To do: Write the lines below out exactly, dropping each picture.

Supplied material:
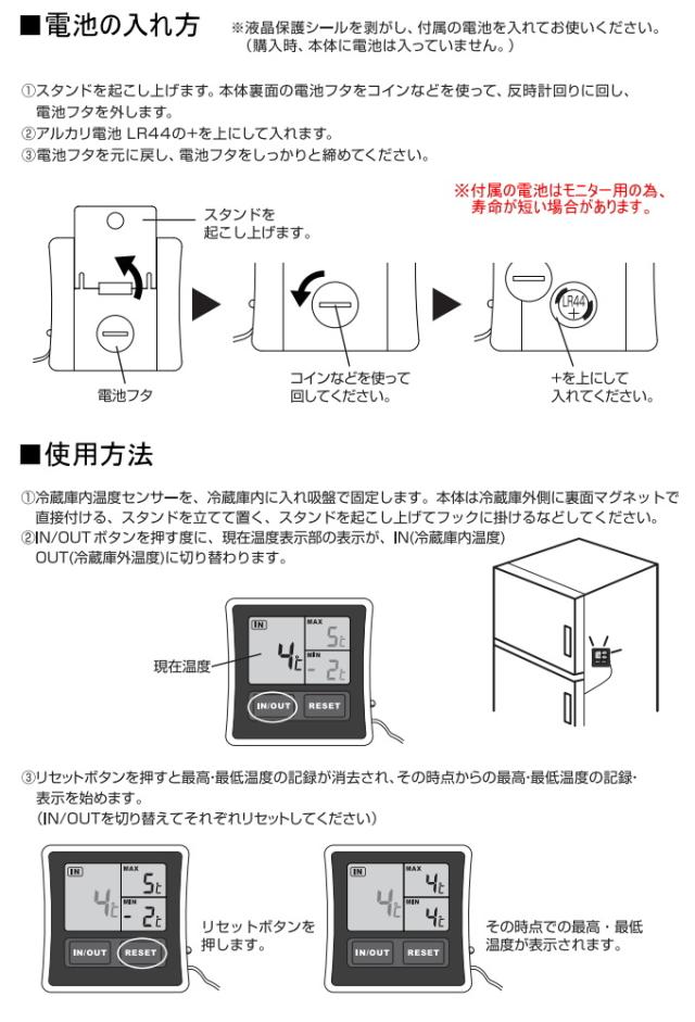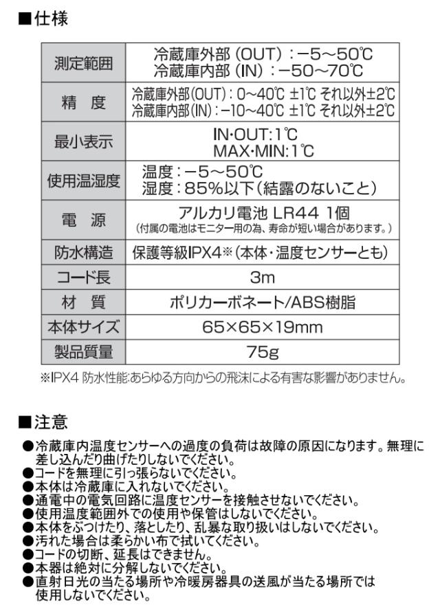 | 測定範囲 | 冷蔵庫外部(OUT):-5〜50℃ 冷蔵庫内部(IN):-50〜70℃ |
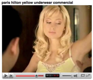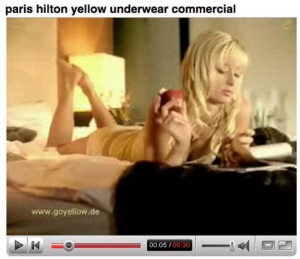 《世界新聞周刊》筆者在報(bào)道中戲稱希爾頓為“能吃掉男人的酒店業(yè)女繼承人”。廣告片里的希爾頓一頭淡金黃色的頭發(fā),身穿短得不能再短的內(nèi)褲,上身則搭配了一件同色系的比基尼內(nèi)衣,通身都是誘人的鵝黃色。
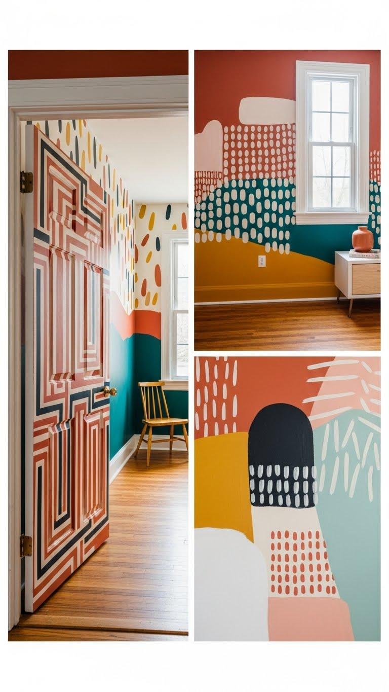 After a bold door mural announces your home’s personality, carry that energy inward with handpainted wall patterns that read like wearable art for a room. You’ll mix handpainted motifs and bold color fields, layer geometric repeats, or try personalized stenciling to mark moments. These pared-back, expressive patterns let you claim space, change mood on a whim, and live without design rules holding you back.

Written solution:
 | 測定範囲 | 冷蔵庫外部(OUT):-5〜50℃ 冷蔵庫内部(IN):-50〜70℃ |
 《世界新聞周刊》筆者在報(bào)道中戲稱希爾頓為“能吃掉男人的酒店業(yè)女繼承人”。廣告片里的希爾頓一頭淡金黃色的頭發(fā),身穿短得不能再短的內(nèi)褲,上身則搭配了一件同色系的比基尼內(nèi)衣,通身都是誘人的鵝黃色。
 After a bold door mural announces your home’s personality, carry that energy inward with handpainted wall patterns that read like wearable art for a room. You’ll mix handpainted motifs and bold color fields, layer geometric repeats, or try personalized stenciling to mark moments. These pared-back, expressive patterns let you claim space, change mood on a whim, and live without design rules holding you back.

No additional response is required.